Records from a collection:
»»
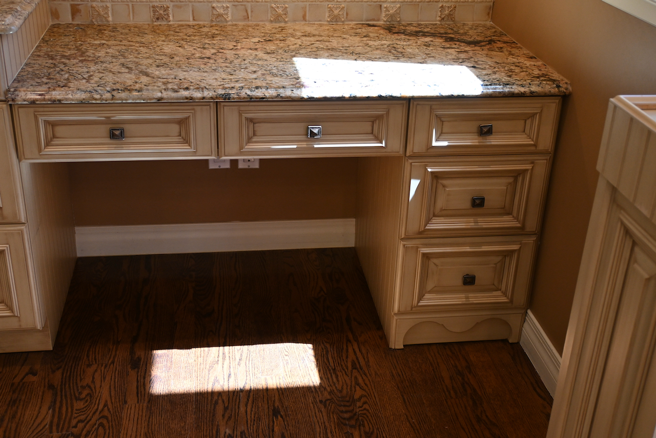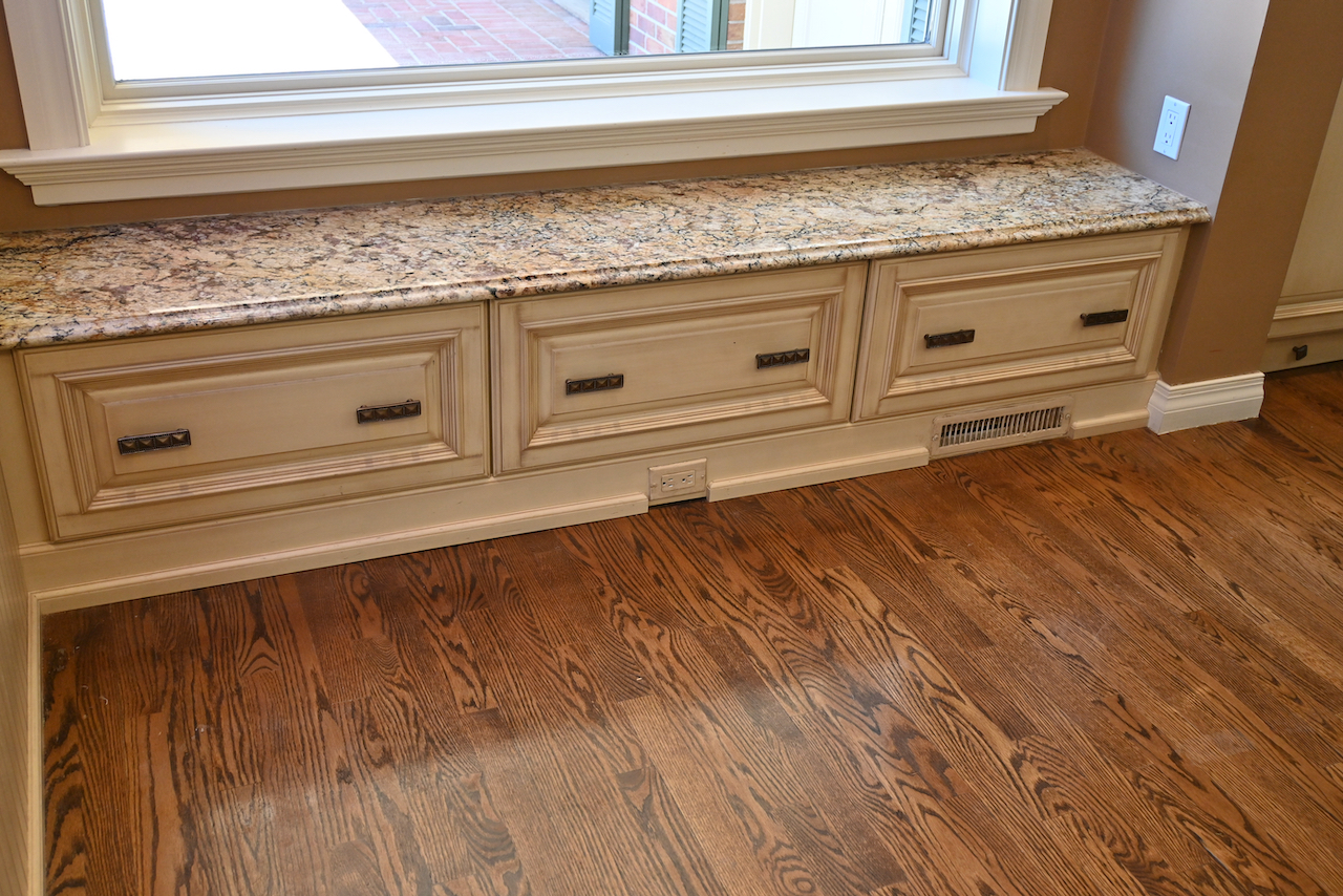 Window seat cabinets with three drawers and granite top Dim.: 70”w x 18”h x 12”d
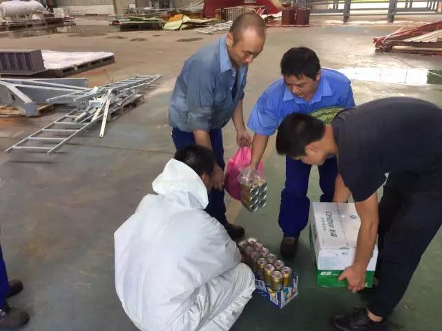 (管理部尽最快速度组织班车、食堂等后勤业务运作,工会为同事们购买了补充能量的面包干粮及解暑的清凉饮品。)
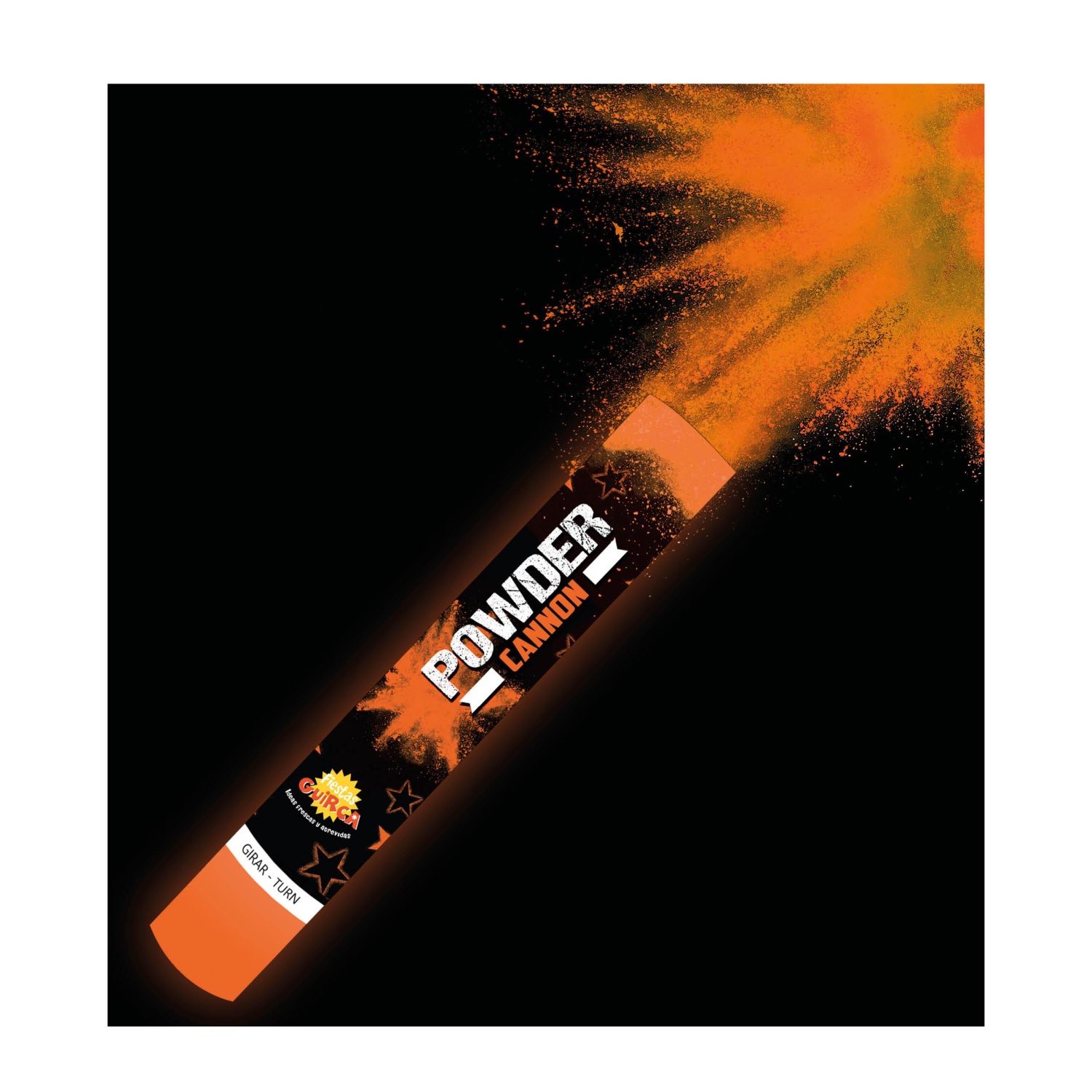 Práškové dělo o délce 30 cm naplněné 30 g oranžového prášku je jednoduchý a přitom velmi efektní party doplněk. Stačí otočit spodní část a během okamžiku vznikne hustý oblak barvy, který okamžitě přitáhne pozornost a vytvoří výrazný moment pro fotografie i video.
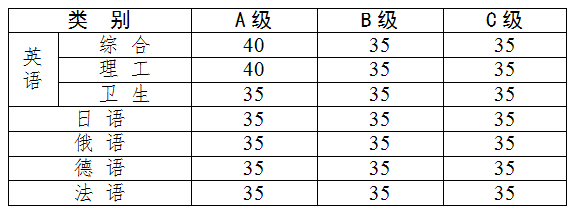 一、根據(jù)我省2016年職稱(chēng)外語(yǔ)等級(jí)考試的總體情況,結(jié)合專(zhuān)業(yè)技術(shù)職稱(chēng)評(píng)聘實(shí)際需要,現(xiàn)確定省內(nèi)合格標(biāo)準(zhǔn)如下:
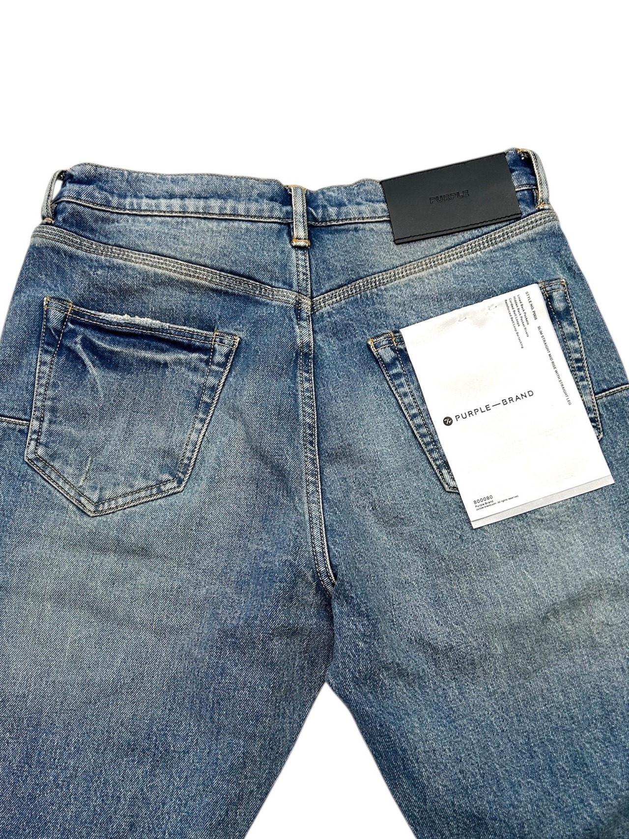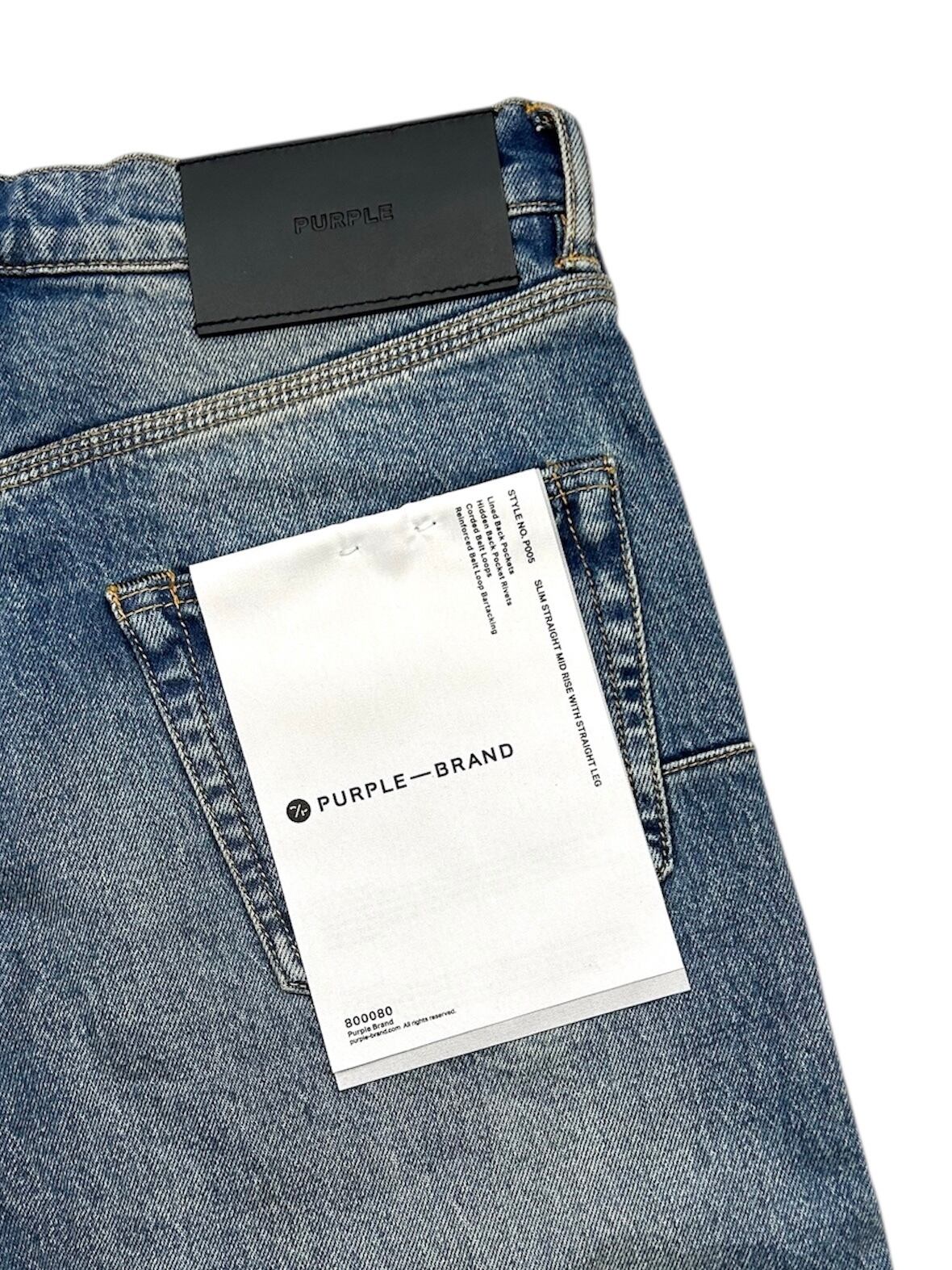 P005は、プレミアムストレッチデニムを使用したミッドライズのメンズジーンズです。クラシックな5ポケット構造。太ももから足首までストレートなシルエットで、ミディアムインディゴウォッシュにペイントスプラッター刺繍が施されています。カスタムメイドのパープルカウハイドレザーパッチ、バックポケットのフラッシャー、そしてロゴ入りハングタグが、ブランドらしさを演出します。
««
WHAT TO DO: If a line falls between the first line of the records above and the line containing "一、根據(jù)我省2016", inclusive, retype it exactly; leave pictures out.

THE COMPLETED TASK:
 Window seat cabinets with three drawers and granite top Dim.: 70”w x 18”h x 12”d
 (管理部尽最快速度组织班车、食堂等后勤业务运作,工会为同事们购买了补充能量的面包干粮及解暑的清凉饮品。)
 Práškové dělo o délce 30 cm naplněné 30 g oranžového prášku je jednoduchý a přitom velmi efektní party doplněk. Stačí otočit spodní část a během okamžiku vznikne hustý oblak barvy, který okamžitě přitáhne pozornost a vytvoří výrazný moment pro fotografie i video.
 一、根據(jù)我省2016年職稱(chēng)外語(yǔ)等級(jí)考試的總體情況,結(jié)合專(zhuān)業(yè)技術(shù)職稱(chēng)評(píng)聘實(shí)際需要,現(xiàn)確定省內(nèi)合格標(biāo)準(zhǔn)如下:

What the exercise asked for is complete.